Author Topic: Thaumaturgy Limitations and Difficulty  (Read 4966 times)

Offline CableRouter

  • Participant
  • *
  • Posts: 89
    • View Profile
Re: Thaumaturgy Limitations and Difficulty
« Reply #15 on: June 04, 2010, 10:39:52 PM »
It might be worth my while compiling a list of ritual objects and how much they affect the complexity of a ritual. Just for ease of reference.

That's simple, the set of possible ritual objects is exactly the same as the set of all objects and they all provide a +2 bonus when tagged.  :)

It's up to the GM if a given object applies to a given ritual, what skill it requires and what the Declaration difficulty will be.

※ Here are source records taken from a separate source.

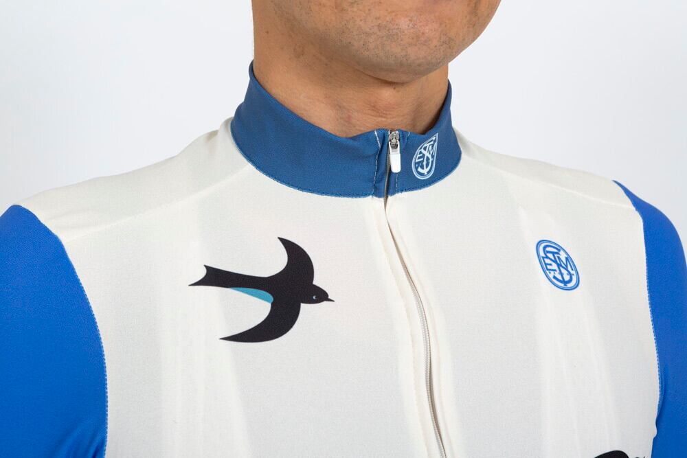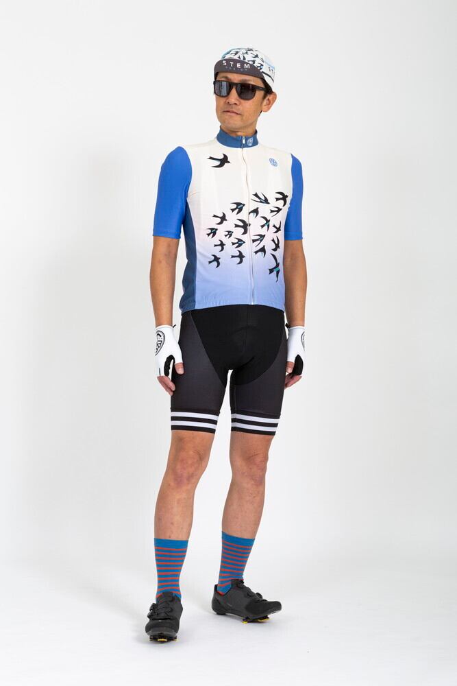 右胸には自由に駆け巡るサイクリストを例えたバードプリント
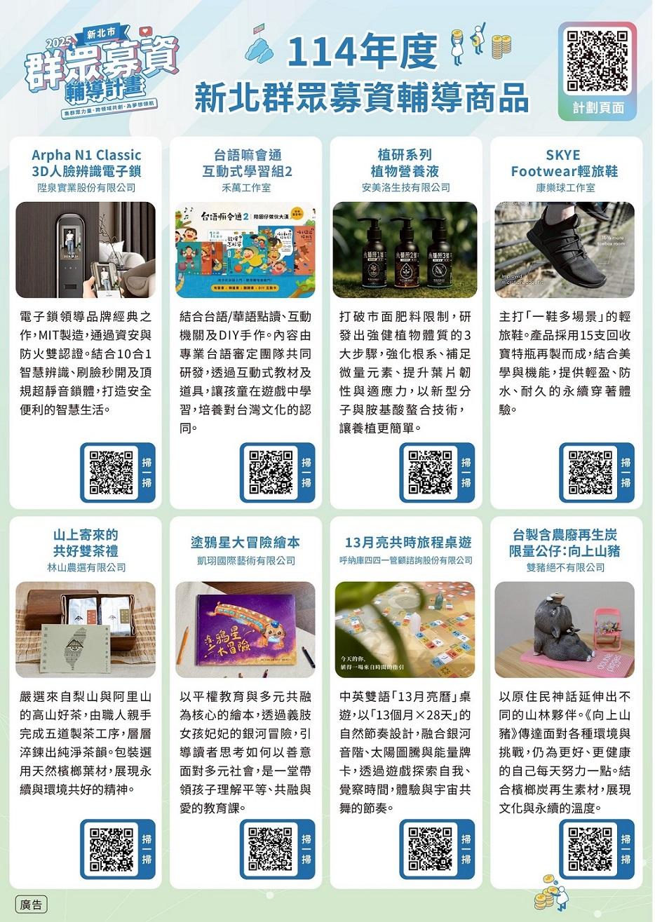 114年新北群募計畫刻正募資中輔導產品:
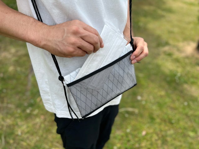 ・x-pacと水が染み込みにくい止水ファスナーを使用しサコッシュ内への水の進入をブロック
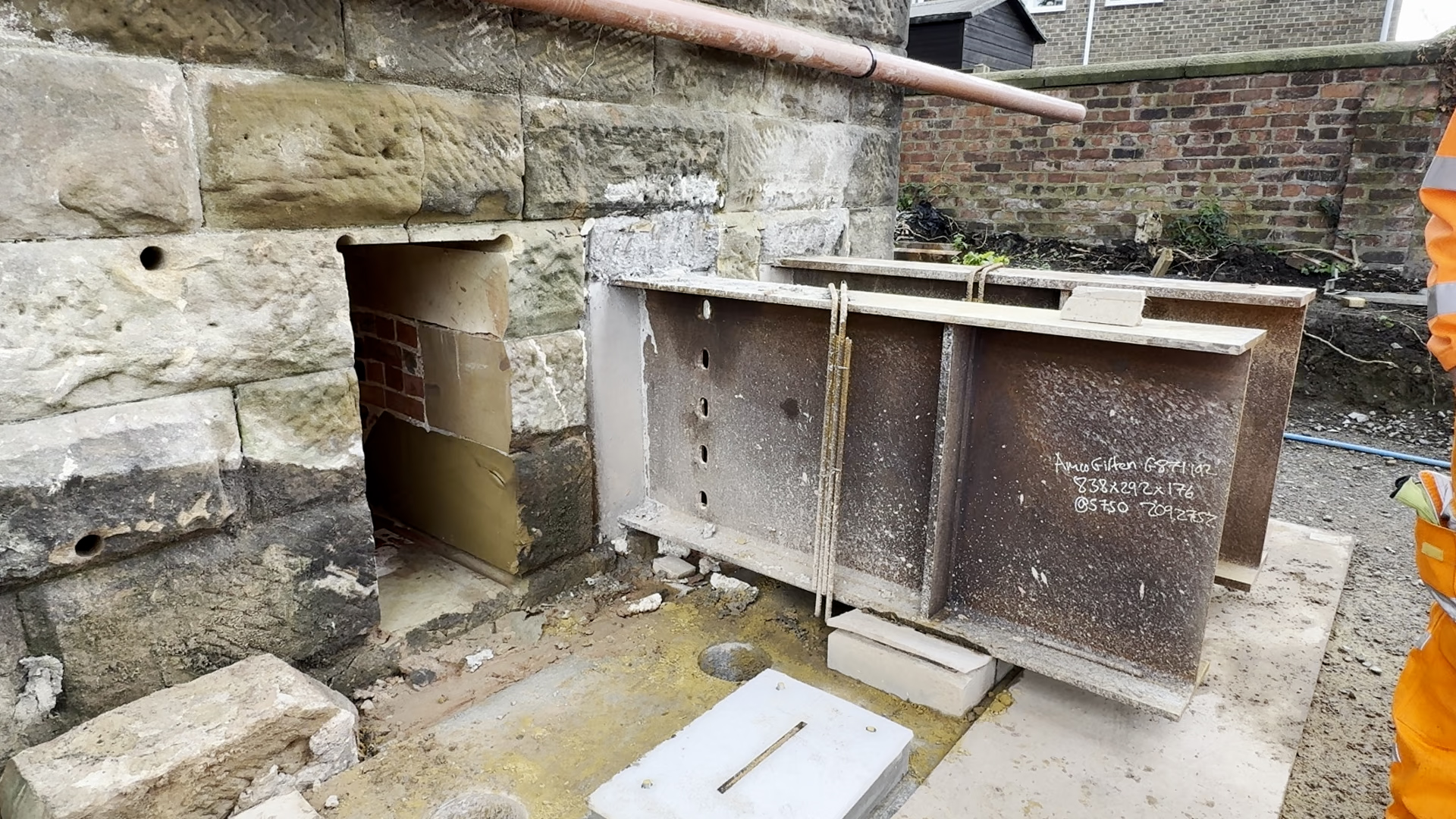 A series of holes were cut through the bottom of each pier inside which steel beams were pushed horizontally, leaving some steel poking out at each end.
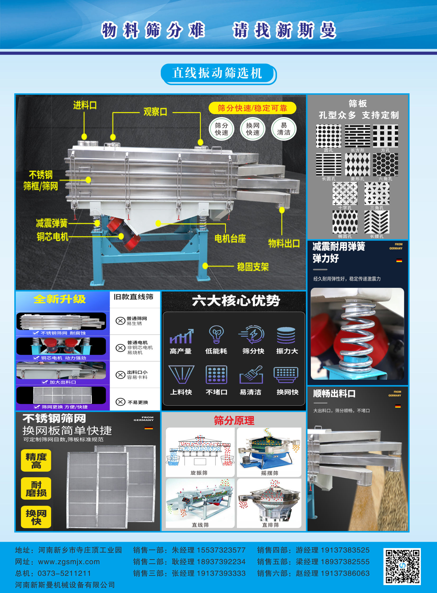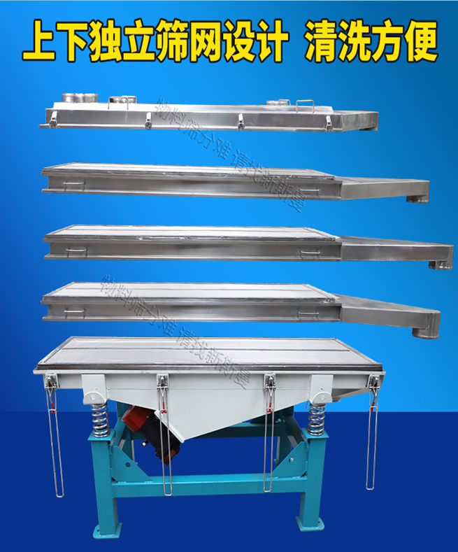 咨詢熱線:15537323577 多層可拆卸式直線振動(dòng)篩是在原普通直線振動(dòng)篩基礎(chǔ)之上,工藝改進(jìn)優(yōu)化出來的產(chǎn)品,上下獨(dú)立篩網(wǎng)和網(wǎng)架設(shè)計(jì),清洗方便,多層快速篩選,自動(dòng)排料。具有換網(wǎng)方便、快速拆裝、易清潔清洗、篩分快省時(shí)間、穩(wěn)定可靠,篩分效率高等優(yōu)點(diǎn)。是一種運(yùn)動(dòng)軌跡為直線的中、細(xì)物料篩分設(shè)備,廣泛用于選煤、選礦、電力、制糖、制鹽、化工、磨料、耐材、食品等行業(yè),對(duì)中、細(xì)粒度物料進(jìn)行干、濕式篩分或脫水、脫介、脫泥作業(yè),是高效率篩分的首選產(chǎn)品。
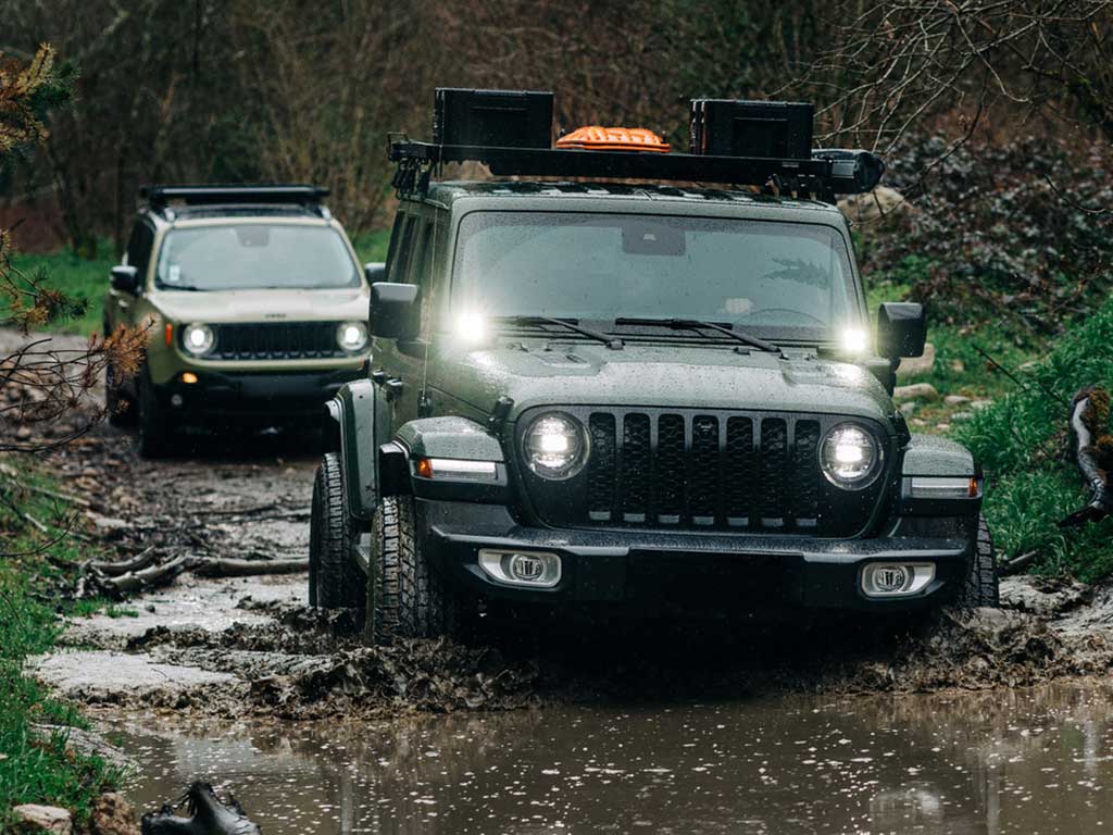 Haul your adventure gear, toys, and cargo to where only your Jeep Wrangler 4xe can go and still have room for more cargo and passengers with the Jeep Wrangler 4xe (2021-Current) Slimline II 1/2 Roof Rack Kit / Tall. Build your next adventure now.

As for what items you need to perform what rituals, also a non-starter.  While it's common to track a target with hair or blood, you could
probably also do it a soldier's dog tags, a priest's crucifix, ect.  Anything that is essentially part of who that person is can point back to
that person.  Compiling a list would be a pretty impossible task, mainly because rituals can do anything you can think of.  Come on, really,
would it even be possible to make such a list when we'd end up trying to determine what you need from the target to cause a frozen turkey
to fall from the sky and kill him, cause his hair to fall out, make him deaf for an hour, turn a house into a cinder, turn a city block into a
cinder?  Then we'd need the reverse on a lot of those, like turning a pile of cinders back into a house!  Far, far easier for each GM to
decide on the spot of the supplied components are adequate or not.


Offline Wordmaker

  • Conversationalist
  • **
  • Posts: 917
  • Paul Anthony Shortt
    • View Profile
    • Paul Anthony Shortt's Blog
Re: Thaumaturgy Limitations and Difficulty
« Reply #16 on: June 05, 2010, 10:28:54 AM »
Rather than compiling a comprehensive list, I meant that it'd be useful to classify certain "grades" of ritual item, like this:

Blood, recently-cut hair, using someone's True Name: +0 to Complexity
Personal item such as wedding ring or piece of clothing worn often: +1 to Complexity
Personal possession handled rarely, or something the target has only touched very recently such as a cigarette butt: +2 to Complexity

Only one item would normally be used in a given ritual.

It's probably getting too complex for what it's trying to do, but it's hard to nail down tracking spells and the like since there are no guidelines given for how easy or hard it is to track someone with mundane skills for comparison, unless you're just rolling against someone's Stealth skill.